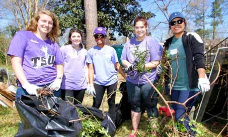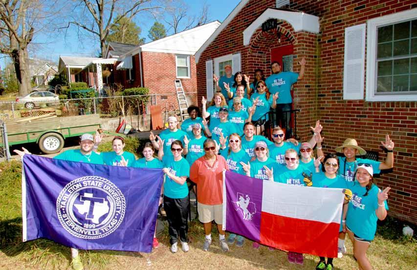 Breaking fromSpring Tradition Members of Tarleton Serves gather on the front steps of Debra Montgomery’s (front, center) home where the student volunteers labored for three days during their Alternative Spring Break trip to repair damages caused by the October 2015 floods that ravaged Columbia, South Carolina.
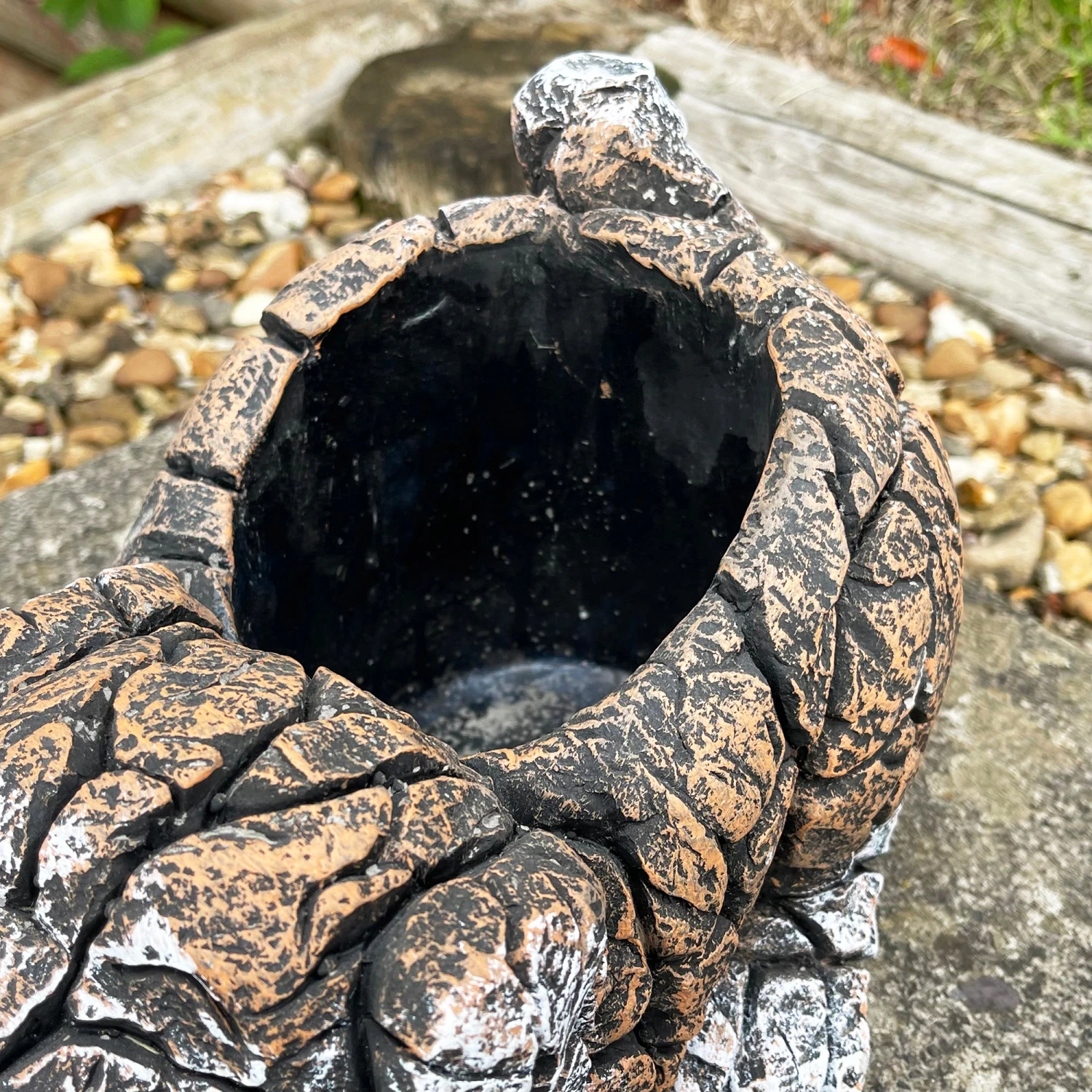 This cement plant pot is an outdoor heavy duty piece. It comes in a wood chunk effect sitting puppy / animal design. It is an excellently detailed flower pot. Planter comes with a drainage hole with optional plug making it useable indoors and outdoors.
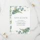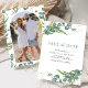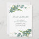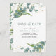 Éblouissez vos invités avec cet élégant enregistrer la date avec de beaux feuilles d'eucalyptus et la typographie moderne. Ajoutez simplement les détails de votre événement sur ce modèle facile à utiliser et ornez cette carte avec votre photo préférée pour en faire une carte unique enregistrer la carte de date.
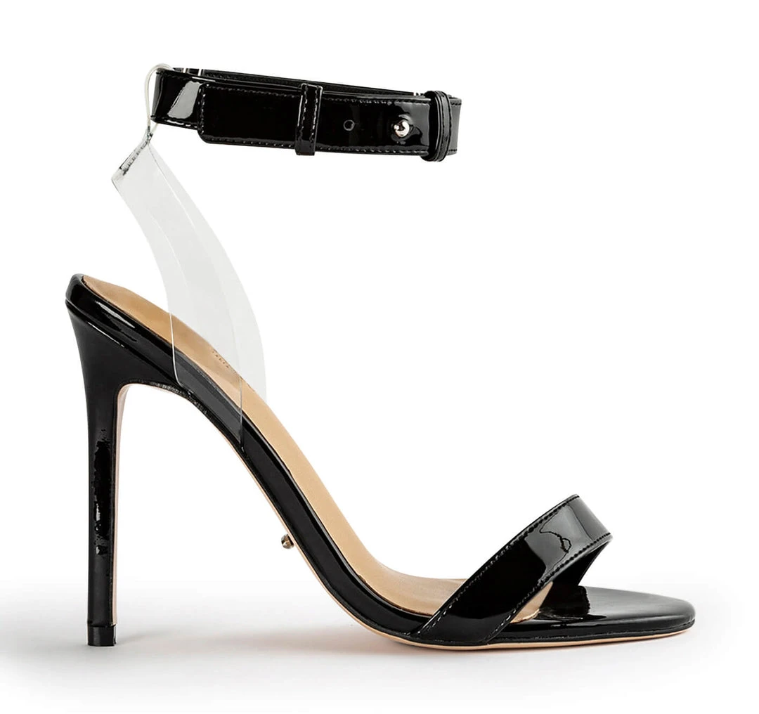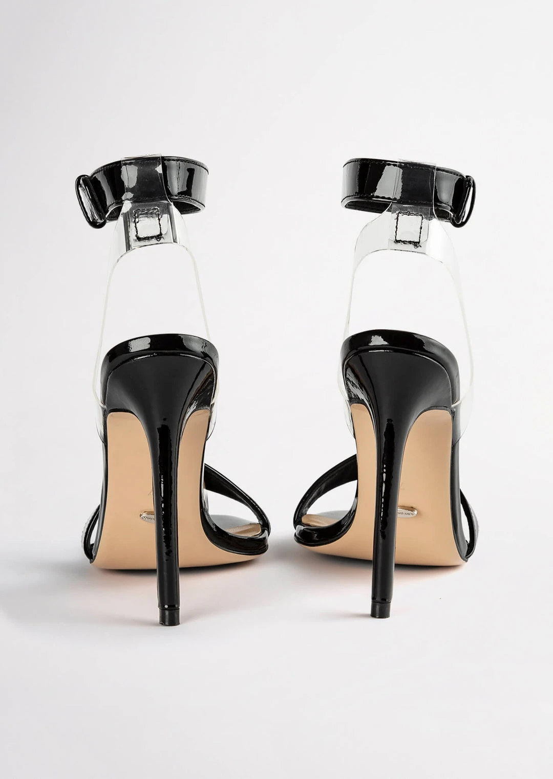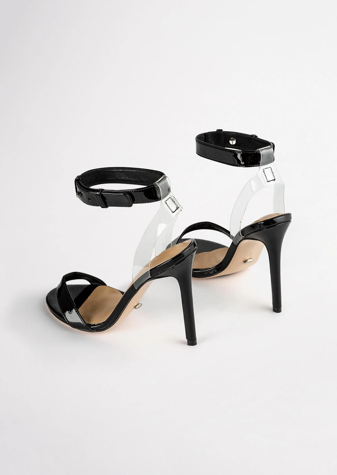 Say hello to your next go-to heels. The Kali strappy heels feature a hi-shine black patent body, with a sleek rounded toe-shape and is finished with a touch of see-through vynalite to the ankle for an effortless look. What’s not to love?
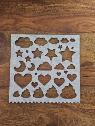 Set de seis plantillas de fieltro con diferentes diseños. - Incluye formas de nubes, estrellas, lunas, corazones y cacas. - Material de fieltro ligero y flexible. - Ideales para proyectos de manualidades y decoración.
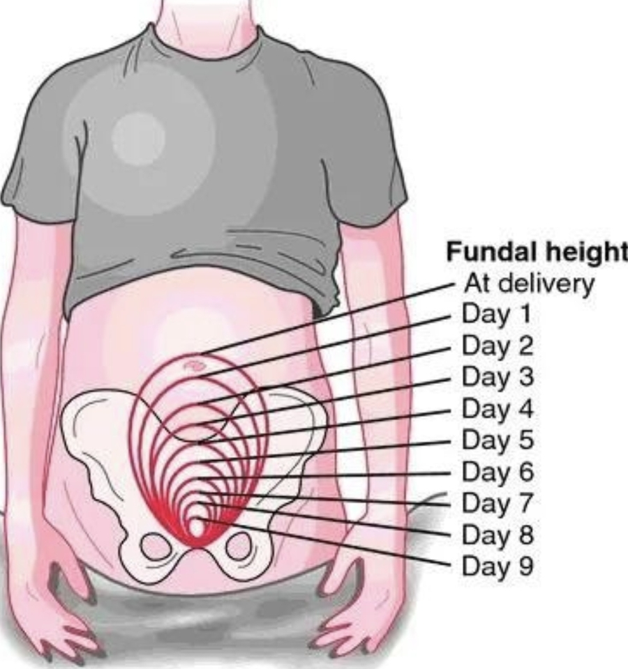 이 과정에서 fundus(자궁 저부)는 매일 약 1cm씩 내려오며, 약 2주 후에는 더 이상 촉지되지 않는다.
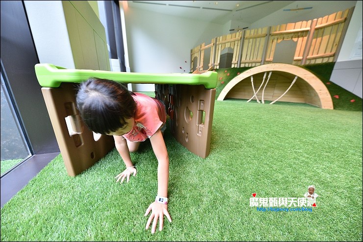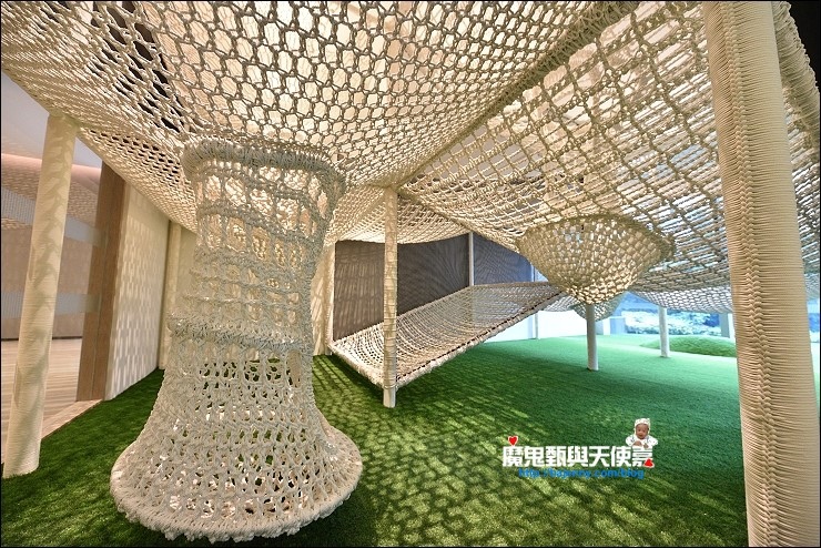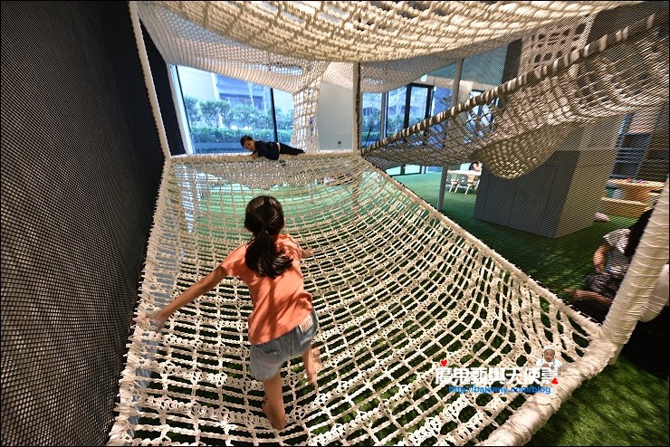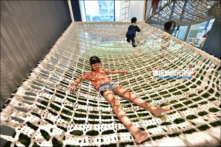 這個大型網繩立體迷宮,真的會讓小朋友的個性、活動力和手腳協調度立馬現形,有些躡手躡腳小心翼翼的慢慢爬,有的一溜煙衝上去,又一股腦兒滾下來,然後轉眼又身陷網繩迷宮裡。
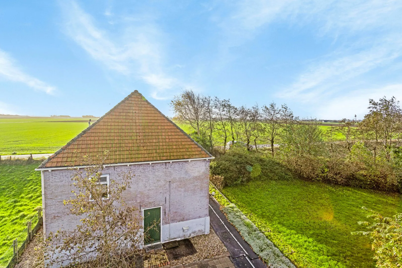 De woning is gelegen op de dijk zelf, waardoor u zowel aan de zuid- als noordzijde een vrij uitzicht heeft over de uitgestrekte landerijen. Dit is de perfecte plek om alle weersverschijnselen al van ver aan te zien komen – van wolkenpartijen tot de beroemde 'Rembrandtluchten'. Met een tuin die ideaal op het westen ligt, geniet u bovendien van een perfecte zonligging, met prachtige zonsondergangen als dagelijks schouwspel.
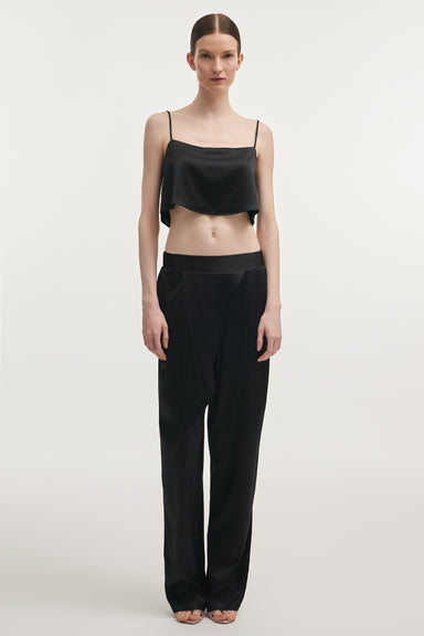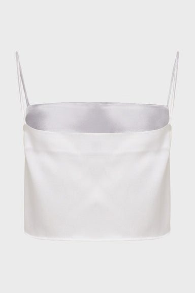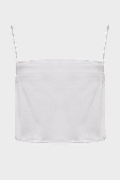 A refined silk satin crop top defined by its clean lines and fluid finish. Crafted from a soft silk blend, the silhouette is minimal and structured...
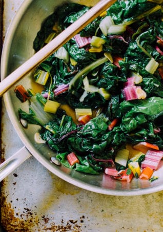 - Add the swiss chard, in one big pile, using tongs to toss and turn the leaves as you go. Place the lid on top and cook until tender, about 5-6 minutes. Check on it after a couple of minutes or so to see how it’s doing. Season with salt and pepper to taste.
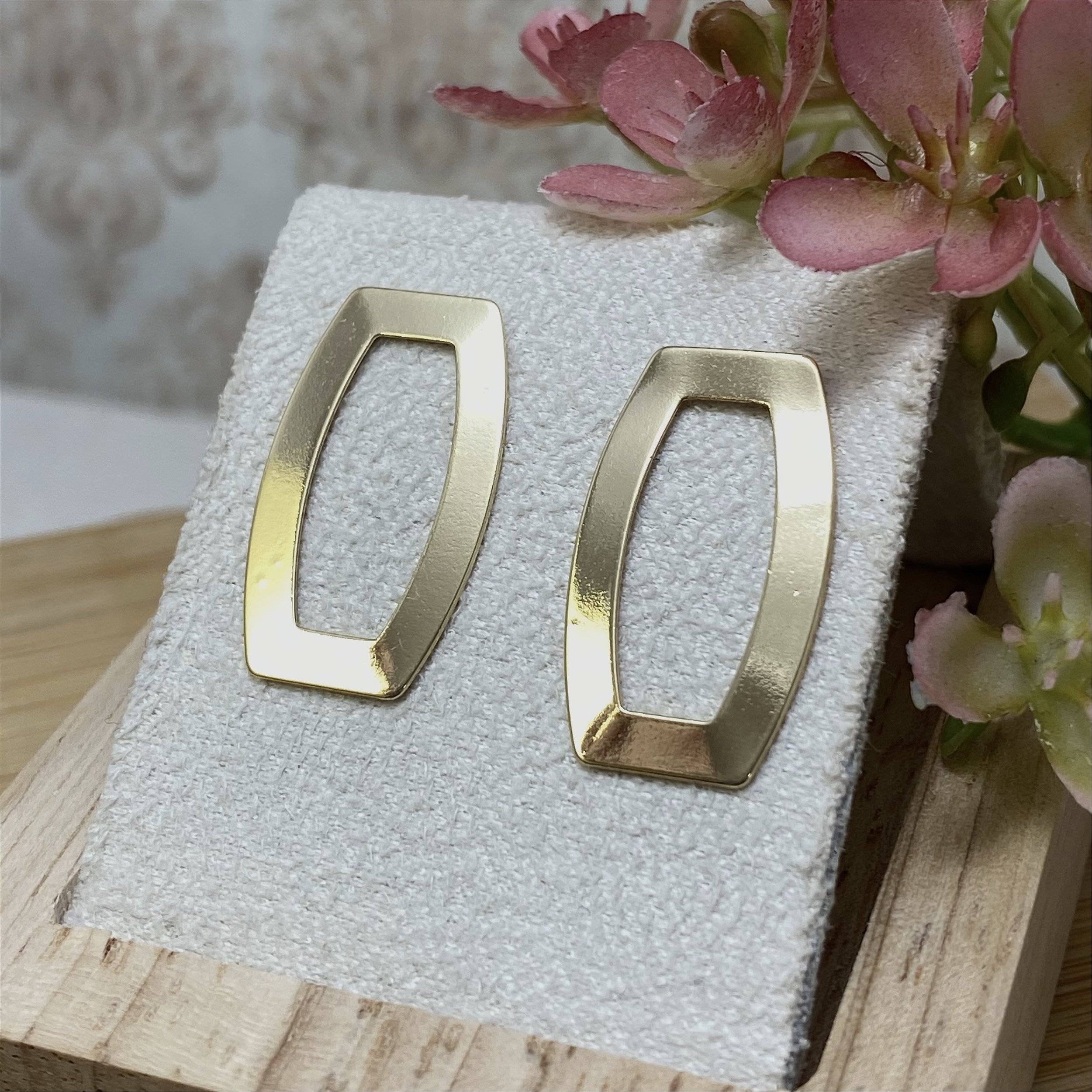 Brinco retângulo vazado banhado a Ouro 18k.

○ ○ ○ ○

I need the lines from the line holding "這個大型網繩立體迷宮,真的會" through the end of the material, inclusive, restated word for word and without pictures.

**OUTPUT:**
 這個大型網繩立體迷宮,真的會讓小朋友的個性、活動力和手腳協調度立馬現形,有些躡手躡腳小心翼翼的慢慢爬,有的一溜煙衝上去,又一股腦兒滾下來,然後轉眼又身陷網繩迷宮裡。
 De woning is gelegen op de dijk zelf, waardoor u zowel aan de zuid- als noordzijde een vrij uitzicht heeft over de uitgestrekte landerijen. Dit is de perfecte plek om alle weersverschijnselen al van ver aan te zien komen – van wolkenpartijen tot de beroemde 'Rembrandtluchten'. Met een tuin die ideaal op het westen ligt, geniet u bovendien van een perfecte zonligging, met prachtige zonsondergangen als dagelijks schouwspel.
 A refined silk satin crop top defined by its clean lines and fluid finish. Crafted from a soft silk blend, the silhouette is minimal and structured...
 - Add the swiss chard, in one big pile, using tongs to toss and turn the leaves as you go. Place the lid on top and cook until tender, about 5-6 minutes. Check on it after a couple of minutes or so to see how it’s doing. Season with salt and pepper to taste.
 Brinco retângulo vazado banhado a Ouro 18k.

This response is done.